Зрение — это наше ощущение, вынесенное наружу, это как бы часть нас, но спроецированная вовне и данная нам только через посредство внешнего объекта. В этом смысле зрение всегда опосредовано чем-то внешним по отношению к нам.
Зрение в привычном смысле слова предполагает расстояние между смотрящим и объектом рассматривания. Это расстояние необходимо хотя бы потому, что оно отделяет смотрящего от объекта. Если объект перенести непосредственно на смотрящего, приблизить его так, чтобы между ним и объектом не было совсем никакого расстояния, зрение, как мы его традиционно понимаем, станет невозможным, исчезнет и различие между субъектом зрения и его объектом.
Наиболее влиятельная формулировка проблематики опосредованного и непосредственного принадлежит Гегелю. Поскольку, согласно Гегелю, сознание всегда существует в медиатизированной форме (например, в форме объектов), непосредственное оказывается лишь формой существования Абсолютного духа. Оно лежит вне области нашего опыта. О нем почти ничего невозможно сказать, кроме того, что сознание в нем совпадает с самим собой: «Истина чистой непосредственности сохраняется как остающееся равным себе самому отношение, которое не проводит никакого различия между «я» и предметом в смысле существенности или несущественности и в которое поэтому вообще не может проникнуть никакое различие» [Гегель, 1992, 55].
Но область, не знающая никакого различия, лежит за пределами представления и, разумеется, описания.
Непосредственное, еще не знающее дифференциации, — это начало, вернее, исток, генерирующий различия. Но, как заметил Кьеркегор, даже начало не может быть непосредственным: «...можно сказать, что существование не началось с непосредственного, потому что непосредственное как таковое не существует, но трансцендируется в тот самый момент, как оно являет себя. Начало, возникающее из непосредственного, таким образом само достигается с помощью процесса рефлексии».
То, что начало невозможно без медиации, значит, что его невозможно помыслить как такой момент, который еще не знает времени, то есть различия между «сейчас» и «тогда». Вся проблема медиации и непосредственности в конце концов сводится именно к темпоральности. Мое сознание, согласно Гегелю, движется от меня к объекту и от объекта ко мне. Но это движение есть время, порождающее различия между мной и объектом. То же самое и с началом. Начало, данное нам как начало, уже предполагает различие (между началом и тем, что за ним следует), а потому оно никогда не может находиться в области непосредственного.
В XX веке непосредственное все чаще и чаще начинает пониматься в пространственных терминах и соответственно соотноситься с областью пространственных искусств. Рассмотрим несколько примеров.

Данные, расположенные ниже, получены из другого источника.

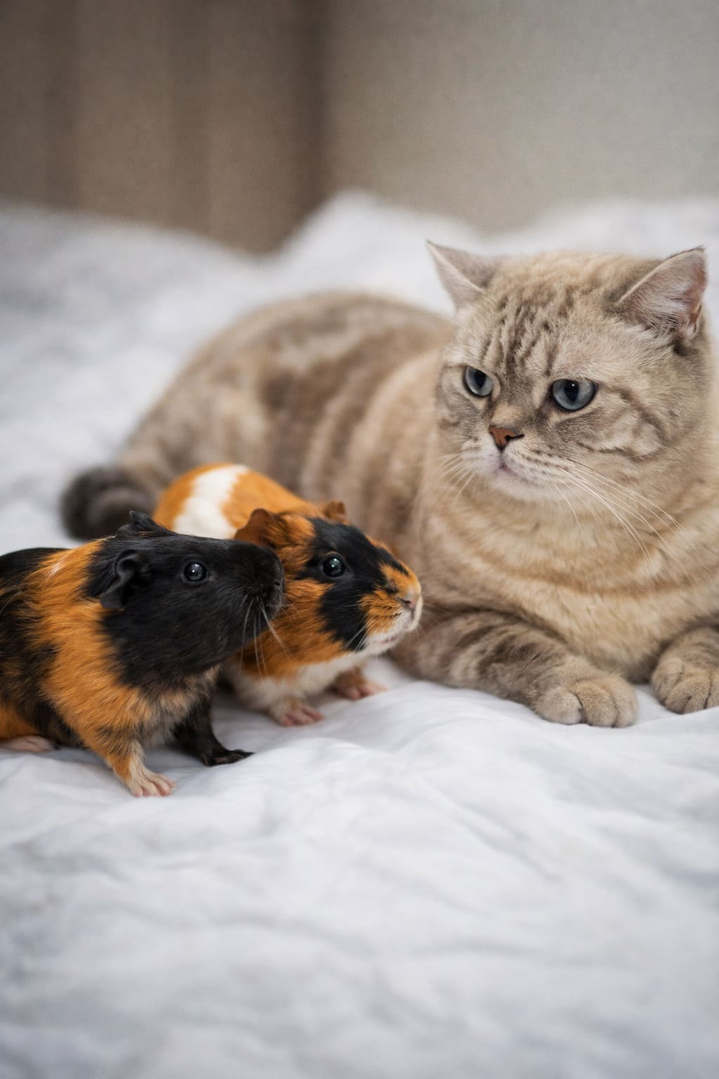Свинки бросились к коту. Они решили, что тому стало плохо. Они встали на задние лапки и маленькими передними лапками с розовыми пальчиками стали гладить его.
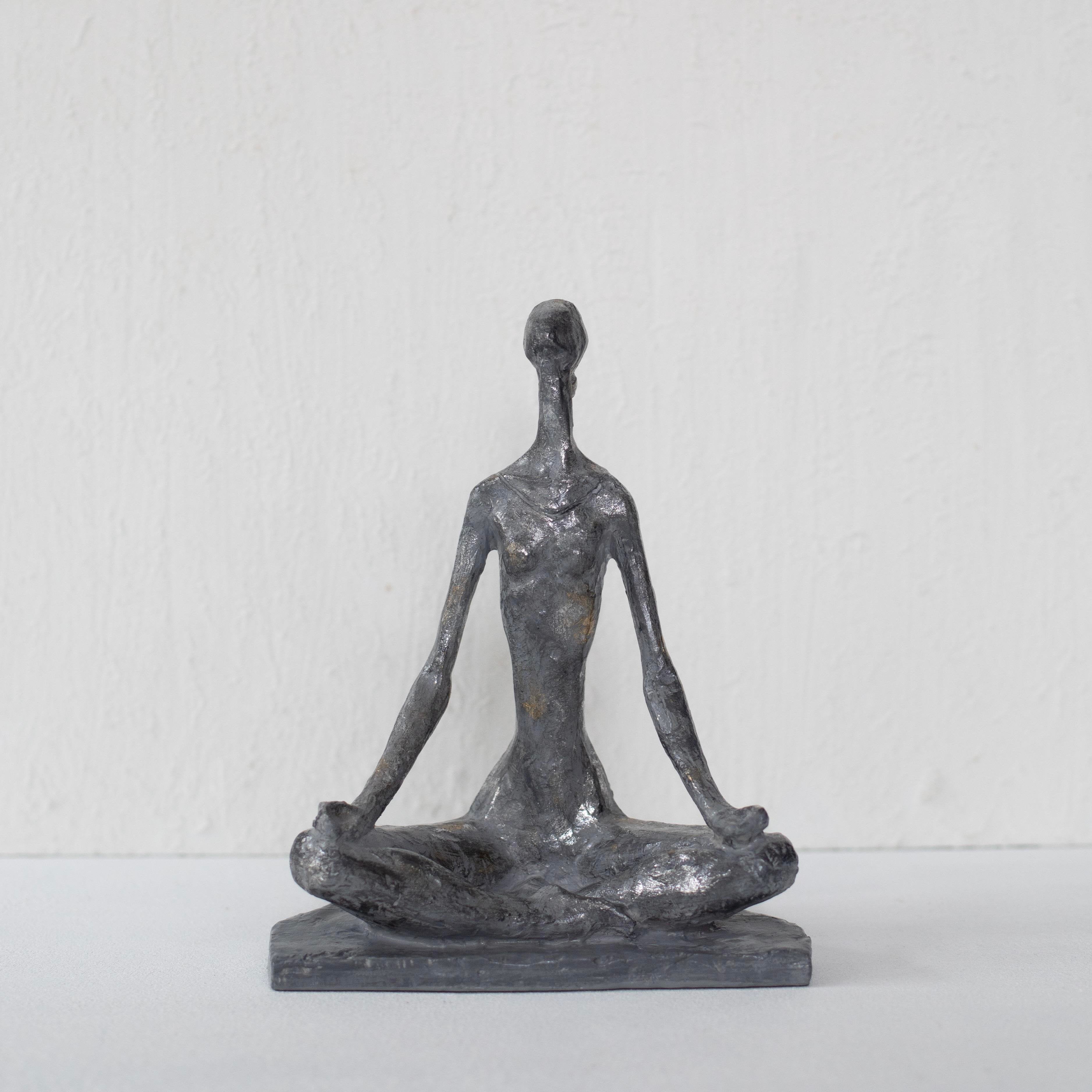 Yoga Yapan Kadın Obje Polyester El Yapımı Gümüş Tonları 26cm
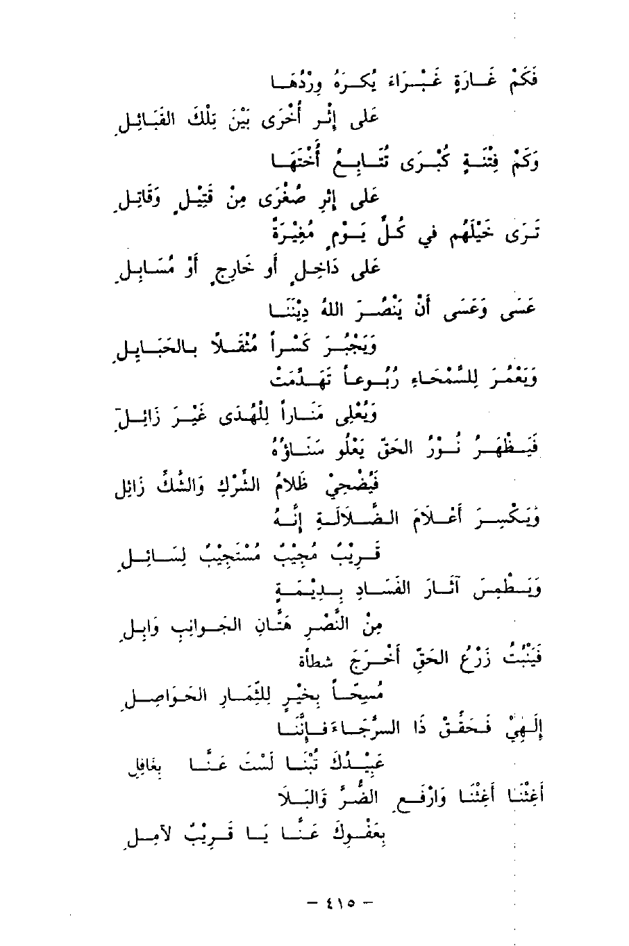 عَسَى وَعَسَى أَنْ يَنْصُرَ اللهُ دِيْنَنَا ... وَيَجْبُرَ كَسْرًا مًثْقَلاً بالحَبَايِلِ
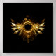 Shiny mechanical wings, with gears and brass round banner. Steampunk
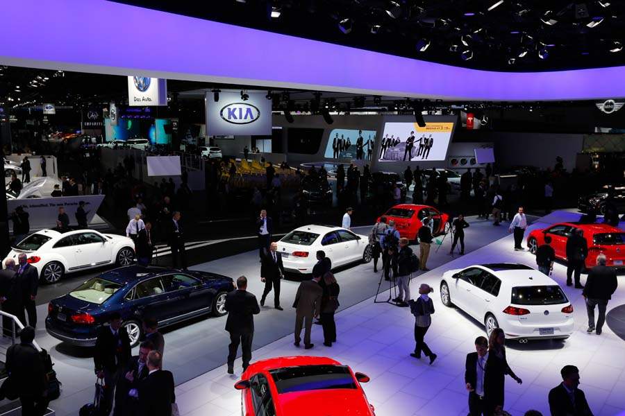 Volkswagens and Kias are on display at the North American International Auto Show in Detroit.
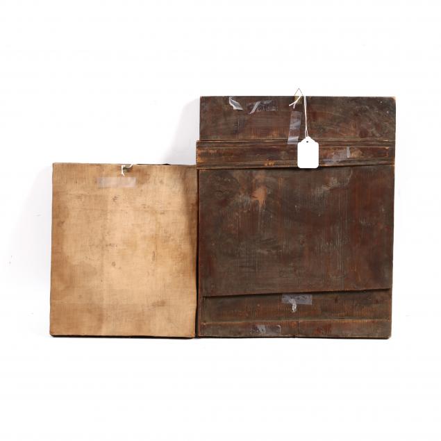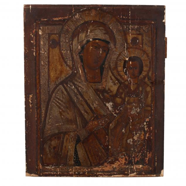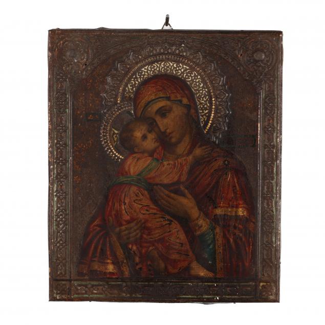 First half of the 20th century; the first with painted depiction of the Madonna and Child with hand-punched and stippled decoration (DOA 17 x 13.75 in.) (chipping and rubbing to surface); the second a chromolithograph laid on panel of the Madonna & Child with pressed metal oklad (12.25 x 10.25 in.) (rusting to metal, surface grime).
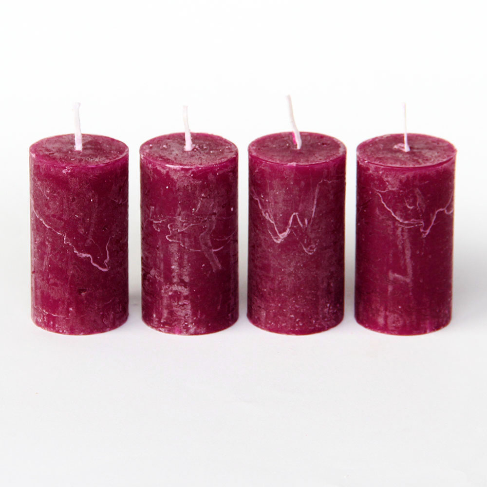 Adventi gyertya rusztikus, 40x75mm, 4db LILA-RÓZSASZÍN
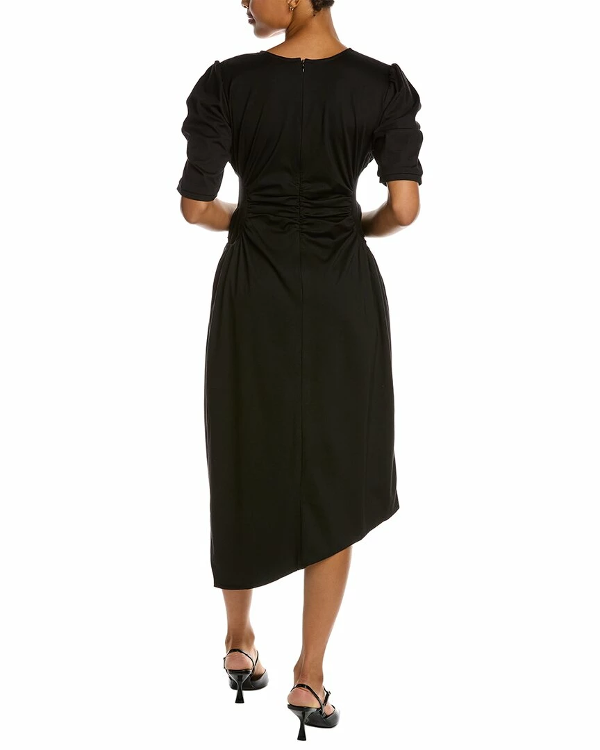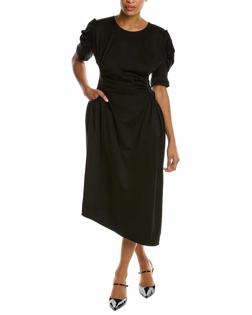 - Midi Dress In Black With Ruched Waist And Draped Side Pockets
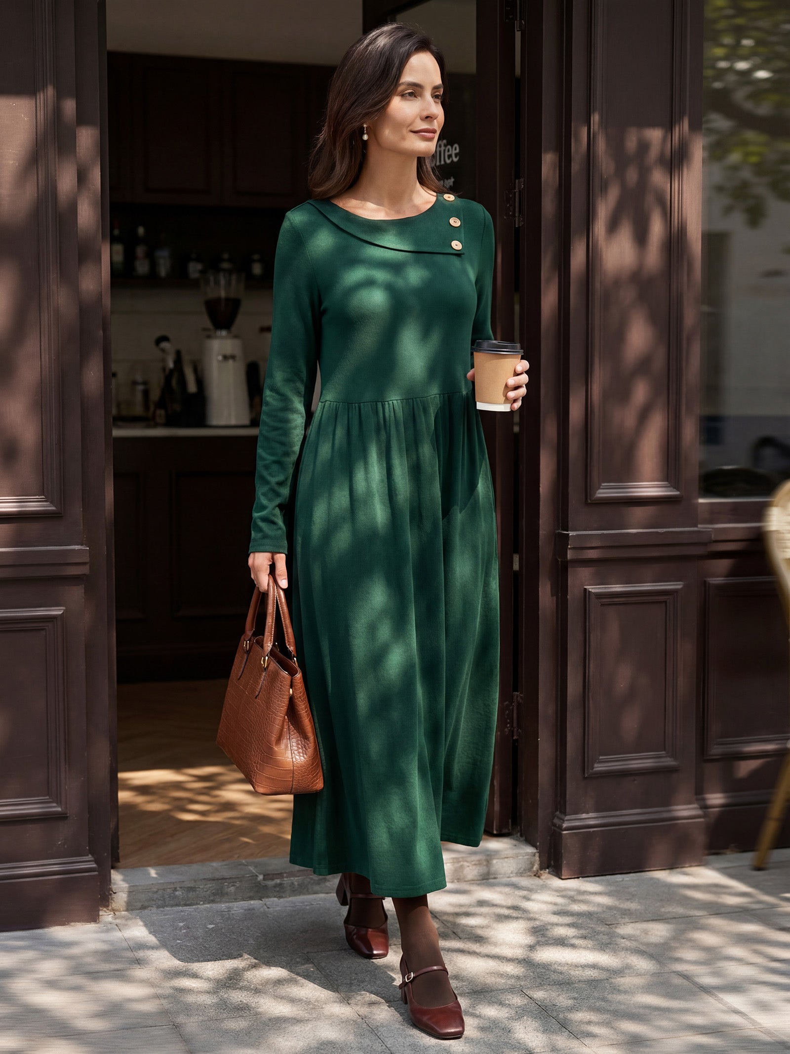 - Flattering Half-Moon Collar: Classic round neckline with a softly layered half-moon collar creates natural dimension; gentle curves refine the neckline for a face-slimming, graceful look.
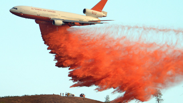 Selain petugas pemadam kebakaran, pesawat pemadam juga turut dikerahkan.
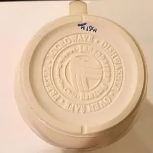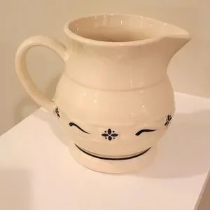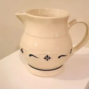 Longaberger Roseville Pottery Small Juice Pitcher dated & initialed! Woven Traditions Classic Blue with 4 petal motif in center. Made in USA by Friendship Pottery in Roseville, Ohio for Longaberger. New condition. Please see my closet for more Longaberger!
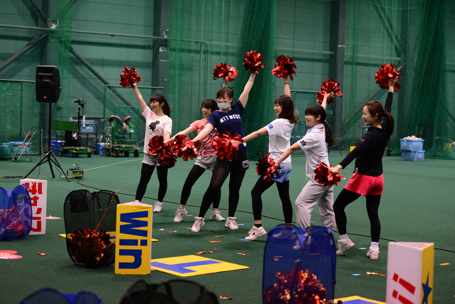 突然ですが、何と今年は! 野球部にアンケートを実施し、人気No.1であった「熱くなれ(大黒摩季)」と、人気No.2であった「紅(X JAPAN)」を新たな応援曲として追加します! 新曲を中心に、ヒッティング曲や、NTT東日本応援団と共通で使用している「スパート」、既存曲の中で野球部人気No.1のNTT西日本応援部作詞・作曲のオリジナル曲「ダイナミックファイターズ」等の、演奏及び演舞を披露させていただきました。球場に足を運んでいただいた際は、是非、新曲にも注目してご声援をおくっていただきますよう、よろしくお願い致します!
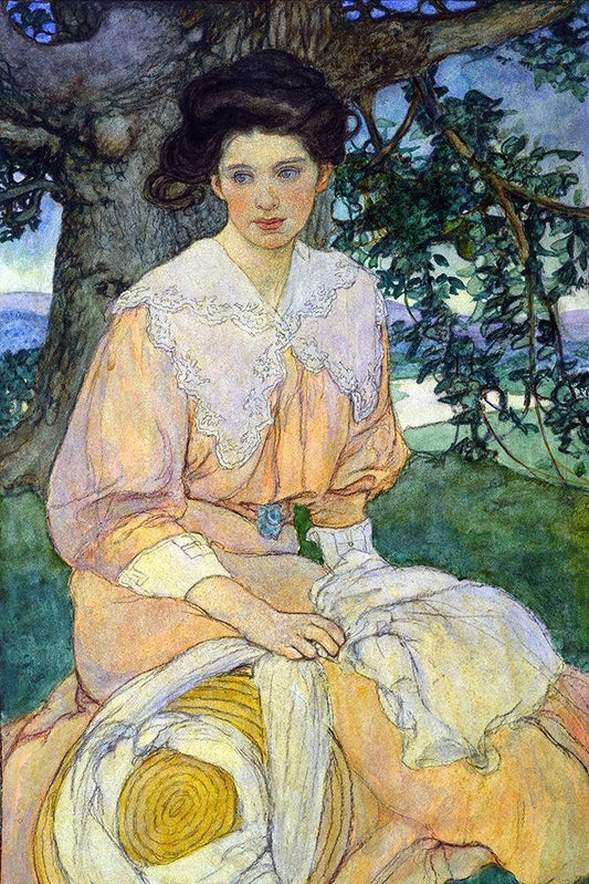 Boy Under an Apple Tree White Modern Wood Framed Art Print with Double Matting by Smith, Jesse Willcox
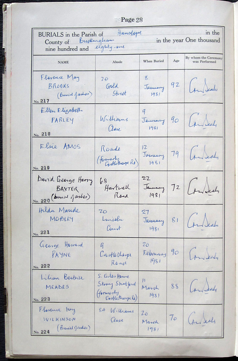 B U R I A L S in the Parish of .. Hanslope ..
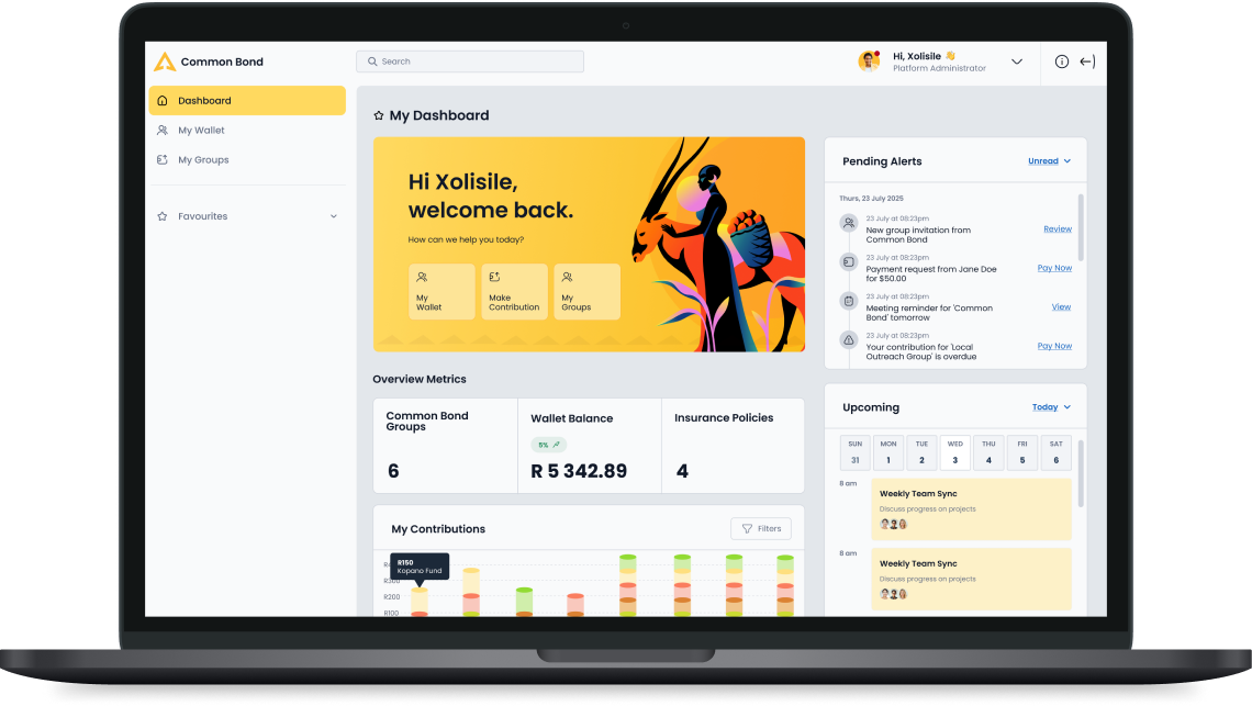 The common bond platform channels the strength of trust-based social networks - family, friends, congregants, cooperatives into structured financial value, transforming traditional mutual aid practices into a formal digital ecosystem.
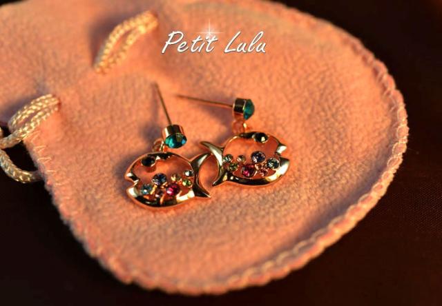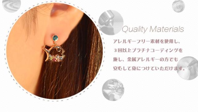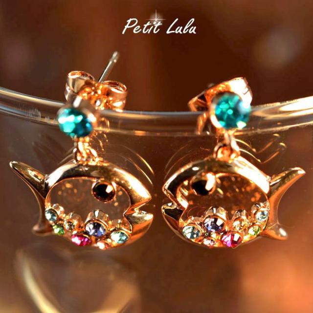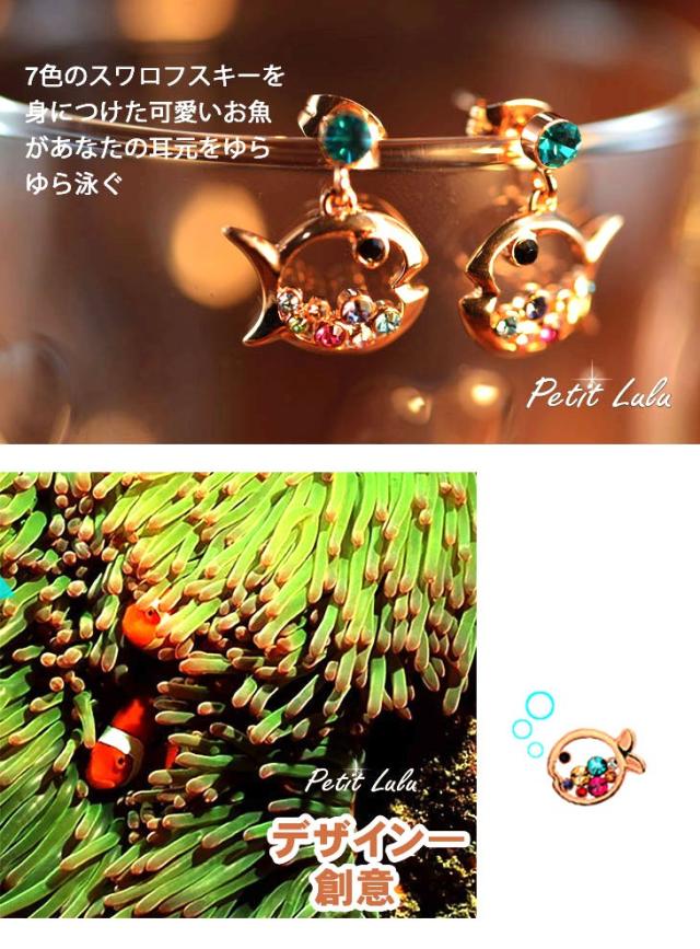 ピアス レディース スワロフスキー 彩石 7色 厄除け 子魚 フープ 揺れる k18 18金RGP 18k プチルル
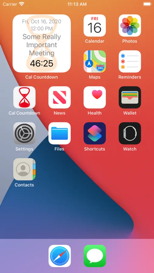 "Cal Countdown" is a free, simple iOS & Apple Watch app that automatically creates a color-coded countdown to the next event on your calendar and displays it on your Apple Watch face and/or your "Today" screen. The app is primarily intended to be used as a complication on your Apple Watch or as a widget.

Эрнст Блох дал первый очерк непосредственного в «Духе утопии» (1918). Первый же фрагмент этой книги назывался «Слишком близко» и описывал опыт непосредственности, столь приближенный к субъекту, что он, по существу, исключал возможность зрения. Позже Блох вернулся к той же проблематике в своем монументальном «Принципе надежды», где непосредственное описывалось как лежащее в «темноте момента». «Темнота» в данном случае обозначение непосредственной близости.
Открытие видения предполагает у Блоха открытие пространства, находящегося по ту сторону «темноты момента», а следовательно, утерю непосредственности. Блох использует пример с пейзажем, который может возникнуть только тогда, когда опосредование проникает «в пролом актуальной непосредственности»: «Проблема Актуального для живописи такова: где начинается изображаемый пейзаж на картине? Художник не включает себя в картину, хотя он и располагается непосредственно в пейзаже, как самая внутренняя область Непосредственного. Как бы там ни было, но и следующая область непосредственного — подлинный первый план картины — также с трудом поддается объективации, он все еще обладает слишком большой близостью к местоположению художника. Неопределенность, создаваемая близостью, как раз и порождает относительное отсутствие развитой формы переднего плана и ответственна за то, что он в действительности не относится собственно к пейзажу».
Итак, формирование визуальных образов как процесс предполагает создание внутренних визуальных образов и внешних. Граница между внутренними и внешними весьма условна, так как очень трудно отделить воспринимающего от внешнего мира, а визуальный образ сделать его частью без учета субъективных факторов.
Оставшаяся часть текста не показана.